I agree with Rice: the logic that says a timefull God experiences ongoing relations with creation is the most important concern for open and relational theology. At least it is for me!
Conclusion
The Future of Open Theism is helpful in many ways. I especially like that Rice portrays this theological movement as increasingly diverse. This book prompts me to seek further conversation with Rice and others attracted to this theological paradigm.
Comments
As a newcomer to Open theism, I benefited from the historical first part of Rice’s book. I’m curious about how you are responding to his critique that your Essential Kenosis being a limited application of process theology as it applies to love (p 116F). I honestly don’t understand his point. He does footnote a discussion in a volume of the “Five Views” series. Perhaps that is worthy of another blog.

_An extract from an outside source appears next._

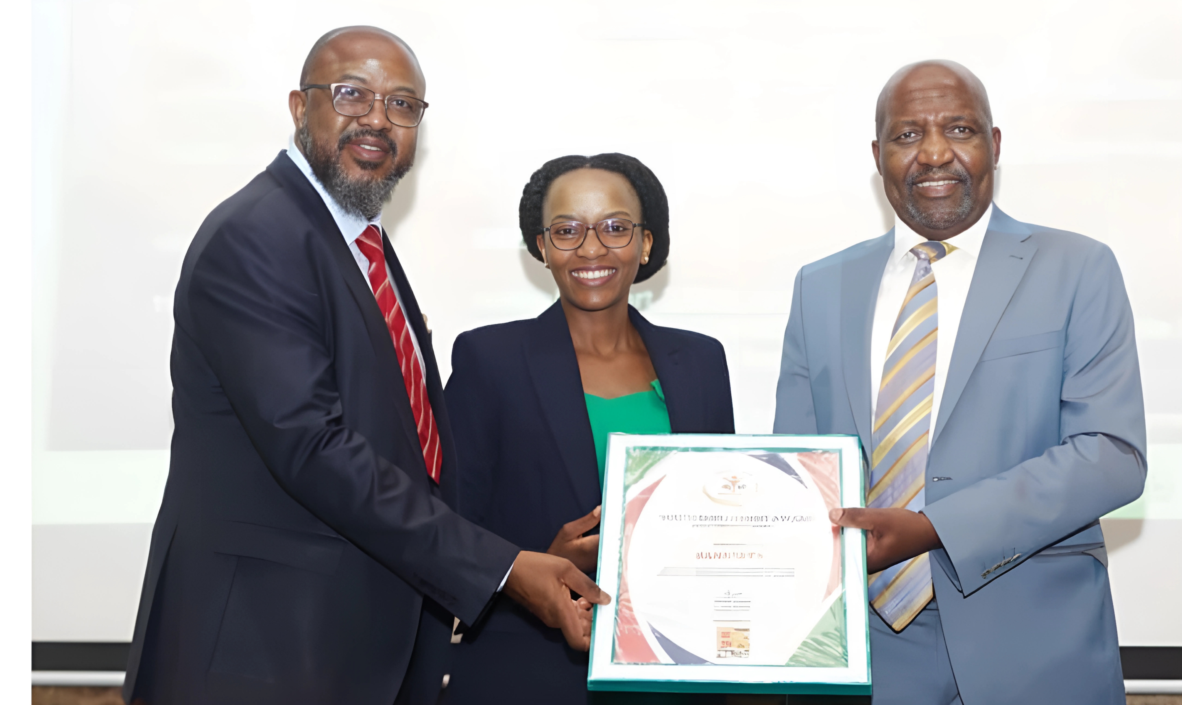 Mr. Thamsanqa Maqubela is delighted to present the Tanzania Business Catalyst Award to Mr. Deogratius Kilawe, Executive Director & CEO of ROUNDTABLE, joined by Dr. Kitila Mkumbo. April 25, 2024, in Dar es Salaam, Tanzania.

Thanks, Larry. I think when Rick Rice says my theology is too close to process theology he has in mind my view of God’s power in relation to miracles. He’s right that I don’t think God can control. But I think he misunderstands my general view of miracles. I’ve corresponded a bit with him about it. At the end of the day, I’m not as interested in being labeled “process,” “open,” “Wesleyan,” or anything else as much as I want a theology adequate to experience, reason, scripture, and what I consider the best in the wisdom traditions.
“… a timefull God [who] experiences ongoing relations with creation is the most important concern for open and relational theology. At least it is for me!”
When I embraced open theology 10 to 12 years ago, this aspect was the most personally impacting. It meant, among other things, that Jesus praying for me actually had substantive meaning! Whereas in my former way of thinking, Jesus praying for me always seemed a hollow and vain pursuit, when he knew all along how I would choose to act. To imagine that God could be genuinely surprised and pleased by my choices and actions (or, conversely, disappointed) gave me new impetus and motivation. Perfect divine foreknowledge always equated to fatalism in my thinking. Now, with a God who cares, and watches with eager anticipation, and a Jesus who prays, it matters more than ever how I live.
Like you, I care less about theological labels (call my theology Process if you must … though I do not think that it is) than the practical outcome of one’s theology.
Thanks for sharing, Cliff. I like the way you think!